# Spreader choice



## harddock (Mar 1, 2008)

I have used a Western 500 tailgate spreader on my Ranger 800 for a few years, but now I want to upgrade. Fisher and Western SS in bed box spreaders (,35 yd) are identical with conveyor style material movement. SnowEx has a helix corkscrew mechanism. Which is better or more preferable?


----------



## m_ice (Aug 12, 2012)

Are you talking the small utv v boxes?


----------



## Western1 (Dec 4, 2008)

What material are you putting through it?


----------



## harddock (Mar 1, 2008)

Western1 said:


> What material are you putting through it?


bagged ice melt


----------



## Western1 (Dec 4, 2008)

I’d go with the small western striker.


----------



## harddock (Mar 1, 2008)

Why not Fisher or SnowEx?


----------



## Western1 (Dec 4, 2008)

Not as familiar.


----------



## Mark Oomkes (Dec 10, 2000)

Western1 said:


> Not as familiar.


Aren't they the same thing with different badges?


----------



## cwren2472 (Aug 15, 2014)

Mark Oomkes said:


> Aren't they the same thing with different badges?


The Fisher and Western are. The SnowEx is different. I'm not sure if SnowEx has an equivalent one to the Fisher/Western (I assume they do) but the helix one definitely is different.


----------



## Mark Oomkes (Dec 10, 2000)

But the helix can spread 1,000 tonnes a night?


----------



## cwren2472 (Aug 15, 2014)

Mark Oomkes said:


> But the helix can spread 1,000 tonnes a night?


So I'm told


----------



## cwren2472 (Aug 15, 2014)

cwren2472 said:


> The Fisher and Western are. The SnowEx is different. I'm not sure if SnowEx has an equivalent one to the Fisher/Western (I assume they do) but the helix one definitely is different.

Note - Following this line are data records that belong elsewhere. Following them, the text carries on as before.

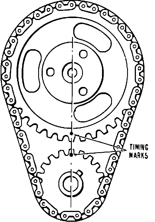 3. Position timing marks on sprockets as shown Fig. 28.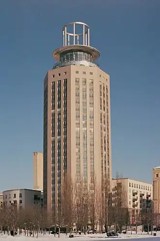 The Tower's site was previously a lake called Fatburen, which had formed due to isostatic uplift after the last glaciation.[2][4] By the 1700s, the lake had become polluted due to urban expansion, and by 1860 the lake had been filled in order to create a rail yard and train station.[4] The rail yard was closed in 1980 and the neighborhood re-developed into a residential district during the period 1985-1995 which features a large number of buildings in the post-modern style.[2][4][5] A new train station was built underground in close proximity (300 meters) to the South Tower.[4] The Tower was originally designed by Danish architect Henning Larsen to have 40 floors. However, Larsen left the project in protest after Stockholm's city planning office forced the removal 16 floors from the building plan.[1][6] The floor plan is octagonal with five apartments on each level. The tower tapers with increasing height. The facades are clad with red granite slabs. In the centrally located stairwell there are two elevators and a spiral staircase. The 23rd and 24th floors have three multi-story apartments, and the top floor is a common party room with glass walls and a panoramic view of the city. Built by construction company JM and finance company SBC, it opened in 1997.[2]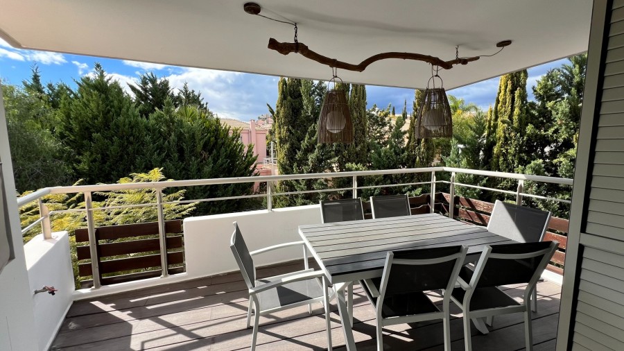 Современная двухкомнатная квартира расположена на третьем этаже в частном закрытом комплексе. Планировка открытая — кухня объединена с зоной столовой и гостиной. В квартире две спальни, семейная ванная комната и крытая веранда. Квартира полностью меблирована и оборудована: кондиционеры, настоящий камин на дровах, электрическое центральное отопление, мгновенный нагрев воды для душа и кухни с помощью Thermitron, москитные сетки, паркет в спальнях, двойные стеклопакеты, электроприборы LG с энергоэффективностью класса A+++, три плазменных телевизора (гостиная, спальня, веранда), система охраны, деревянное покрытие пола на веранде, качественные шторы, обои и жалюзи. Также есть кладовка и крытая парковка.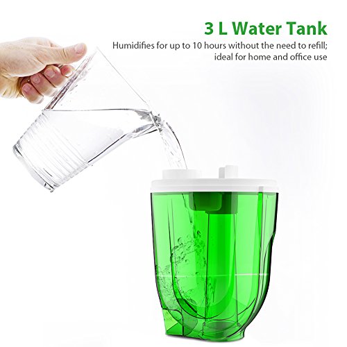 - 【Large Room Humidifier with 3-Liter Water Tank & Adjustable Mist Level】The single room humidifier safely moisturizes the air for up to 10 hours of continuous operation so you can breathe easy and get more restful sleep. High and low speed settings make it easy to adjust mist direction and speed to fit your comfort level; Provides ideal coverage for bedrooms, offices, and other medium-sized rooms.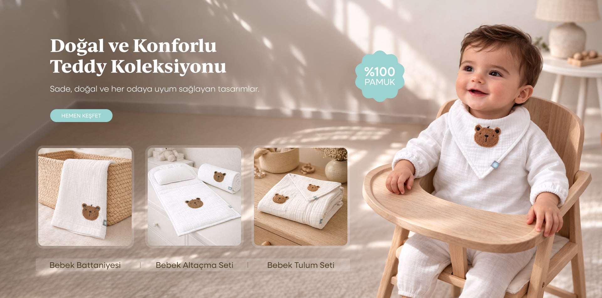 Yenidoğanlar için en saf pamuktan üretilen ilk dokunuş setleri.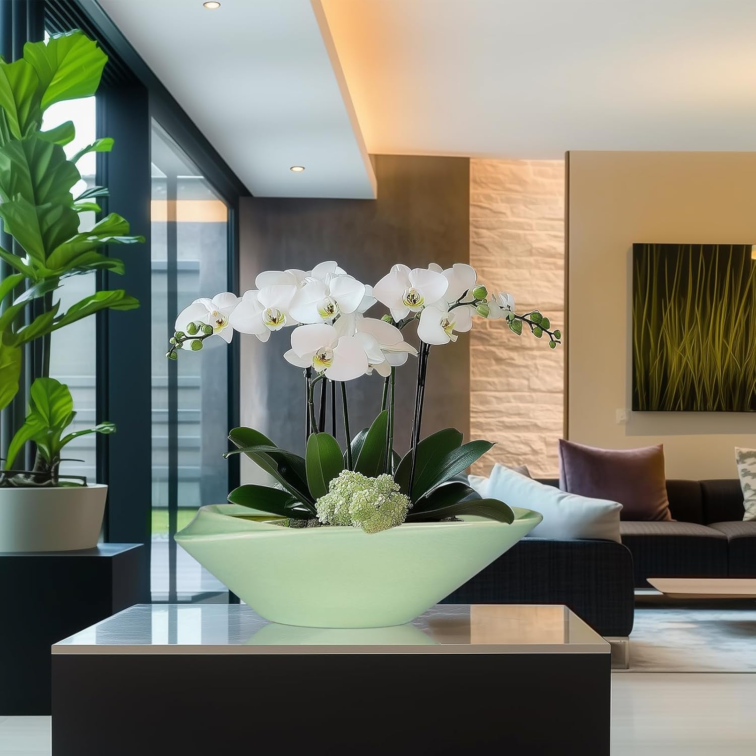• 18 Inch Planter for Home Decor: The modern style large light green bonsai pot for plants that can be placed on a table, living room, balcony, patio, garden, and other places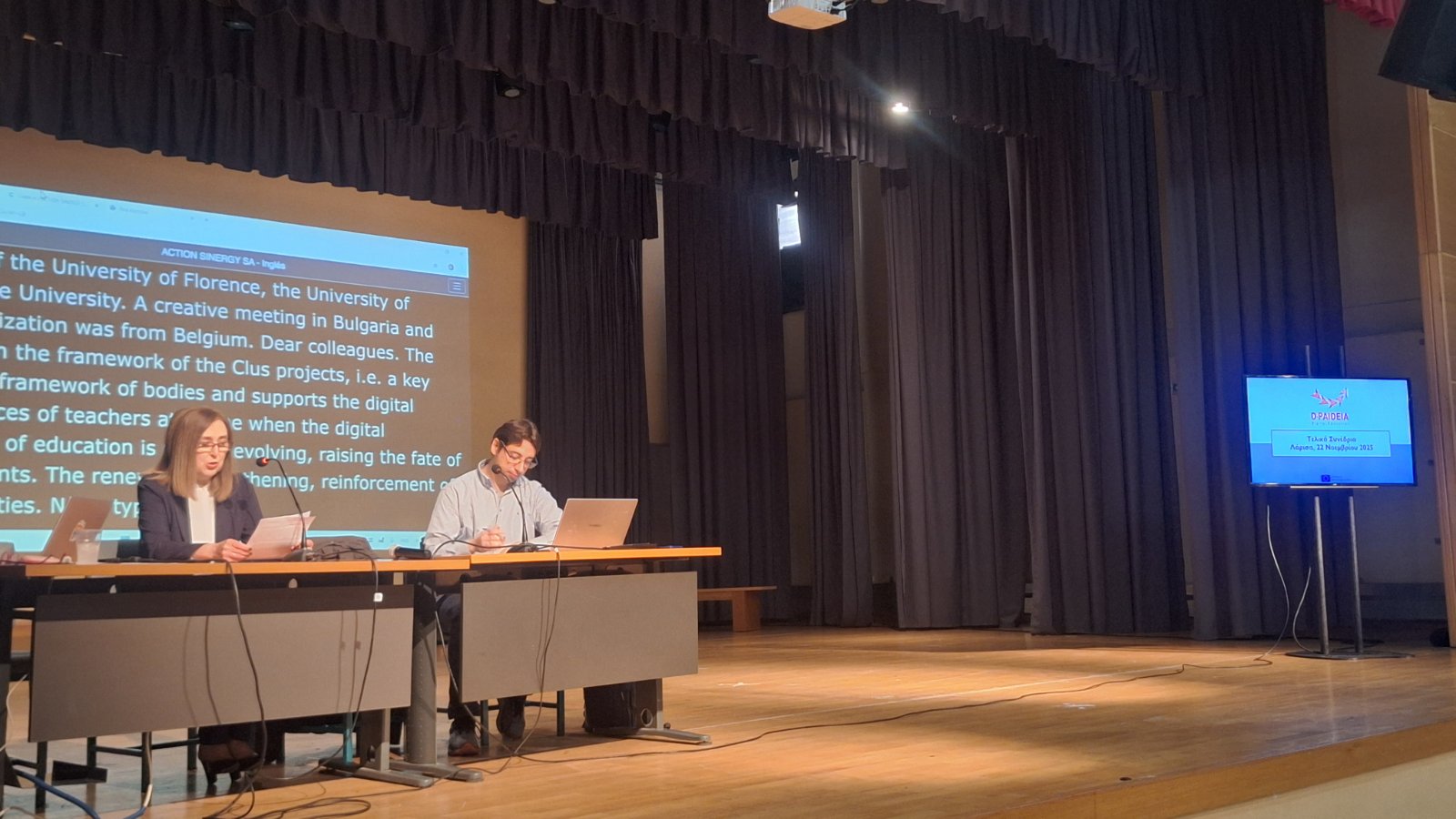 Σήμερα Σάββατο 22 Νοεμβρίου, στο 4ο Δημοτικό Σχολείο Λάρισας, πραγματοποιείται το Διεθνές Συνέδριο «D-PAIDEIA», που διοργανώνεται από τη Διεύθυνση Πρωτοβάθμιας Εκπαίδευσης Λάρισας σε συνεργασία με τον οργανισμό Action Synergy, συντονιστή του Ευρωπαϊκού Προγράμματος Erasmus+ D-PAIDEIA.

Correction - I checked the SnowEx website and it doesn't look like they do - it looks like the Helix *HELIXX™* is the only option. Weird.


----------



## grnleafgrnscape (Nov 30, 2013)

So it's the Helixx that spreads 1,000s of tonnes a night.
Must be the extra x that does it


----------



## Kinport (Jan 9, 2020)

Having never ran a helix/auger style salter, I’m out of my lane a bit here, but I think the conveyor style drag chains will move more material faster, be less likely to bind in nasty material, and throw a wider variety/size of materials. The trade off is the chain has more moving parts to go bad and will require more maintenance than the auger.

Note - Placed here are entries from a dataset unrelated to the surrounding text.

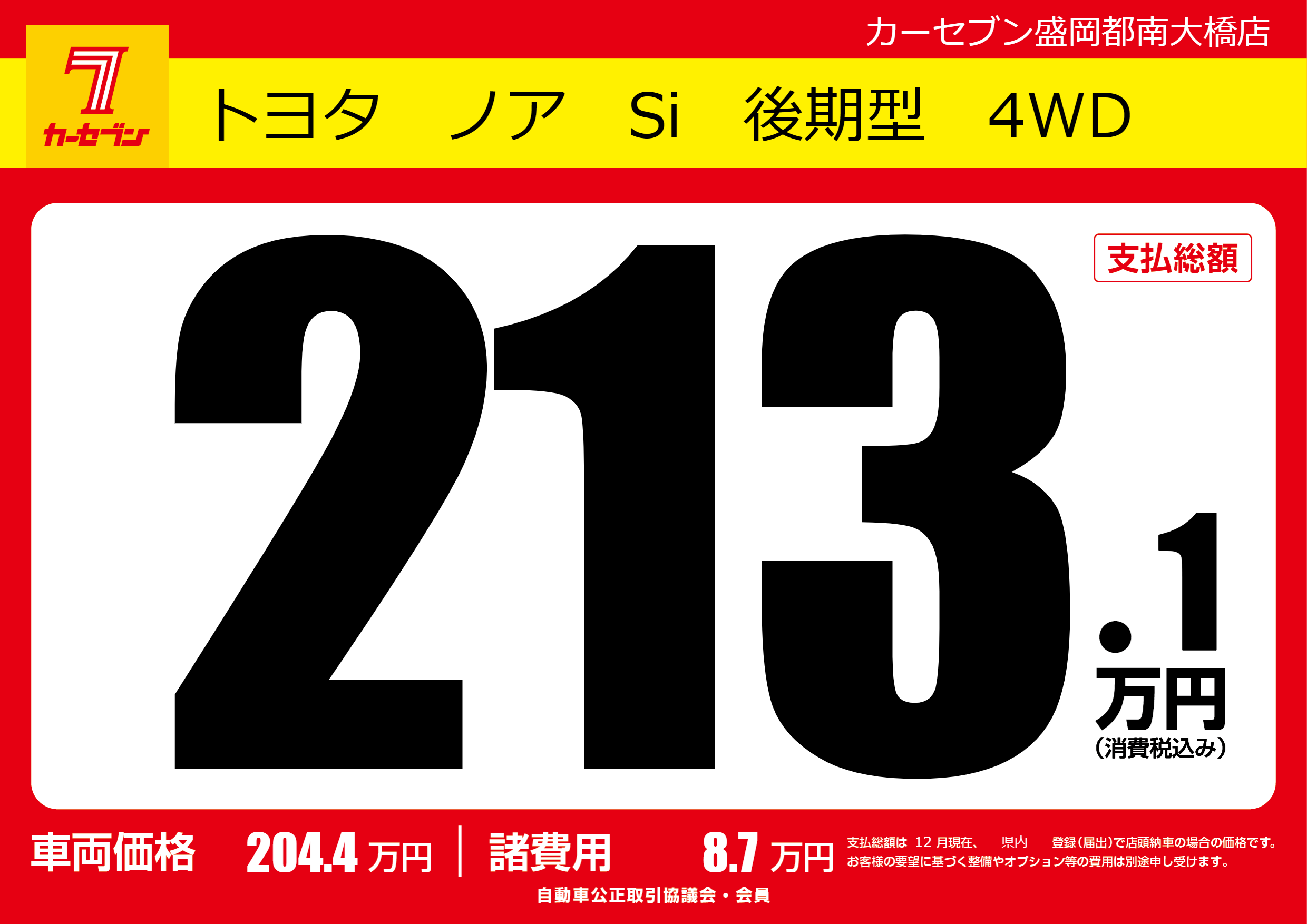 | 車名 | トヨタ ノア Si 後期型 4WD | グレード ミッション 排気量 |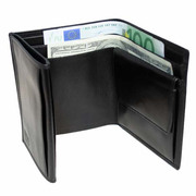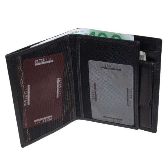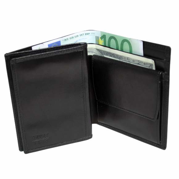 petek_117_black Портмоне мужское Габаритные размеры см: длина: 10.5 высота: 12 Описание кожи: кожа натуральная, гладкая Наполнение: 2 отделения для купюр монетница на кнопке 4 отделения для документов |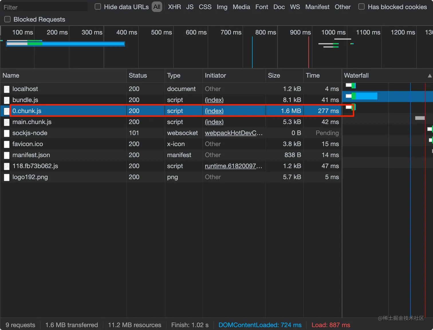 由上可以看到0.chuk.js这个包的体积减去了部分,不仅减少了很多dev启动编译的时间,也在后续打包中减少打包体积!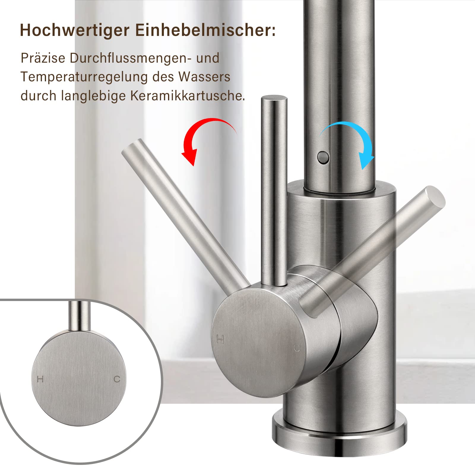 - Präzise Bedienung: Dank der Qualitäts-Keramikkartusche und des Einhebelmischers lassen sich Wassermenge und Temperatur stufenlos und exakt regulieren.

if it was me, and I was just throwing clean bagged material like you said, I’d get the helix so I had less maintenance.


----------



## Mark Oomkes (Dec 10, 2000)

Kinport said:


> Having never ran a helix/auger style salter, I’m out of my lane a bit here, but I think the conveyor style drag chains will move more material faster, be less likely to bind in nasty material, and throw a wider variety/size of materials. The trade off is the chain has more moving parts to go bad and will require more maintenance than the auger.


You are correct with all points. 

I'd still go with the conveyor chain. I know my one and only experience with an auger feed was worse than a Furd 6.0, but I ran it enough to realize even cranked all the way up...you just can't get more product out. Most or all conveyor feed have an adjustable gate if you really want to pour it out.


----------